Many evenings we spent with Kyle’s Mountain Studies Institute colleague, a thirty-something from India named Imtiaz. We cooked meals together in the organization’s kitchen. Kyle made mushroom quesadillas and Imtiaz made eggplant curry and dal with basmati rice. The kitchen was full of mouthwatering aromas as we sautéed tomatoes and zucchini with ginger, cumin, and mustard seeds. We discussed the subtleties of spices in Indian cuisine and the benefits of Ayurvedic medicine.
Years of eating plants had convinced me that the best way to get well and to stay well was to eat simply and to avoid processed foods whenever possible. After my epiphany in my first internship with an old man and his hospital food, I tried to treat injuries and illness with natural remedies whenever possible. Food was my medicine. I even avoided anti-inflammatories like ibuprofen, which other long-distance runners gobbled by the handful. I tho
ught it masked pain so much that I might risk serious injury by running when I shouldn’t. I had also heard too many stories of runners taking so much ibuprofen that they damaged their kidneys. It was a classic case of treating symptoms, of wanting the quick fix. It was, in many ways, typical Western medicine.

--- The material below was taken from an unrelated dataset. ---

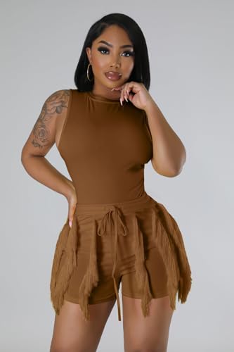 Two Piece Outfits for Women Casual Solid Sleeveless One Piece Tank Tops Fringe Pants Drawstring Shorts Jumpsuits 2

By the week of the race, after nearly a month of workouts, simple living, and a lot of new vegan food, I was devouring 13,000-foot peaks and 30-mile journeys without the sensation of breathing through a cocktail straw. Even Kyle, with his fresh, twenty-two-year-old muscles and two months of altitude training, was surprised I was pushing the pace on our weekly ascents of Kendall Mountain. High altitude? I was ready.
I had to be. The Hardrock includes eleven mountain passes, six of them over an elevation of 13,000 feet, and also climbing a 14er (a 14,000-foot peak)—a total vertical climb and descent of 66,000 feet, more than would be involved in climbing and descending Mount Everest from sea level, as the race organizers like to point out.

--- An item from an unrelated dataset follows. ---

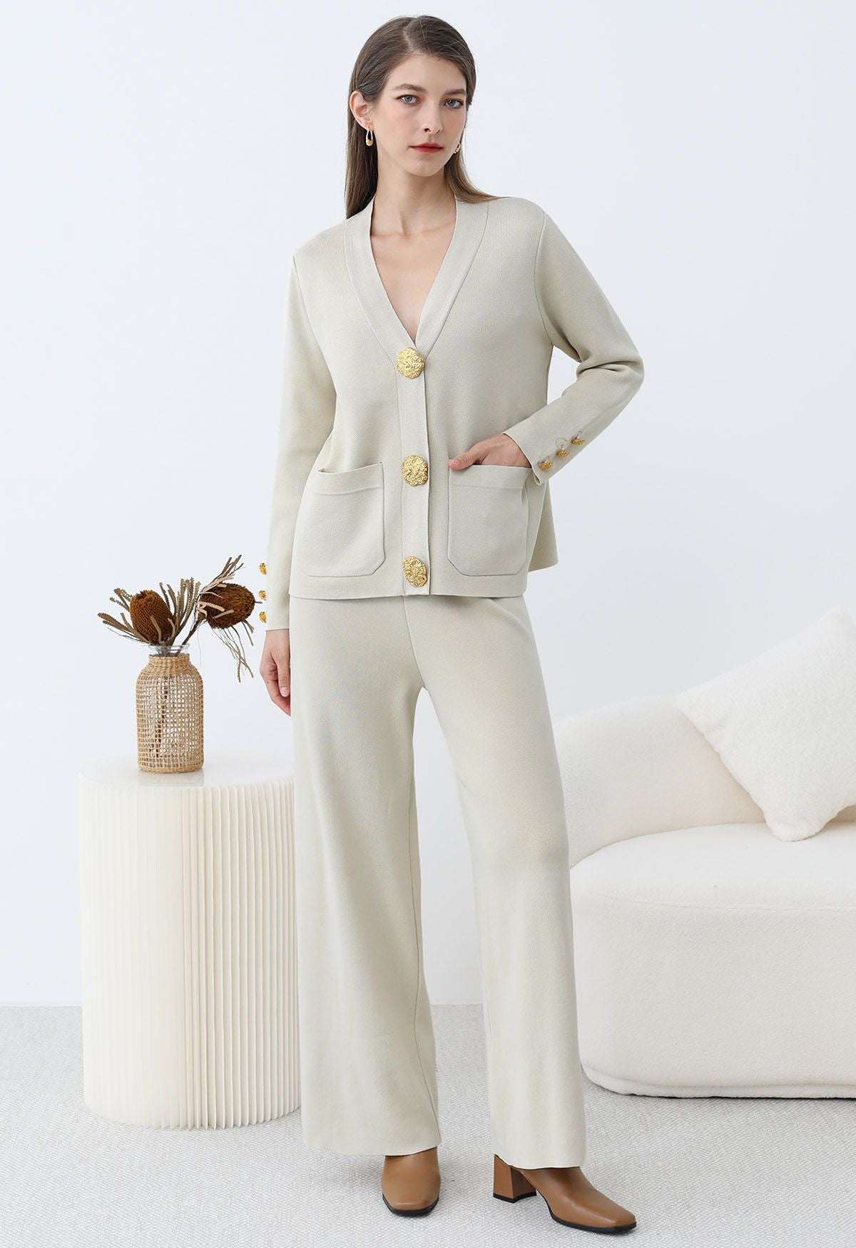 Elevate your winter wardrobe with this Golden Button Patch Pocket Knit Cardigan and Pants Set. The cardigan’s golden buttons and patch pockets evoke timeless elegance, while the soft knit fabric ensures effortless comfort. Paired with coordinating pants, this set blends classic charm with modern ease, making it a versatile choice for refined, everyday style.

Two nights before the race, I joined a youth DARE program soccer game on a grassy field not far from the town’s hundred-year-old cemetery. That’s where I tore my ankle ligaments when trying to steal the ball from a seven-year-old.
I gulped glass after glass of tumeric soy milk and lay for hours with my leg elevated with a bag of ice wrapped around my bulging ankle. I dosed myself with the homeopathic remedy arnica montana and with pineapple enzyme, bromelain. It wasn’t enough. The pain electric-eeled my synapses. There was no way I could run the race. Imtiaz watched me limp into the Mountain Studies kitchen and asked if he could take a look. He ground a scoop of black pepper and added tumeric, flour, and water until it was a thick, heavy paste. He pressed the paste onto paper towels, then wrapped them around my ankle.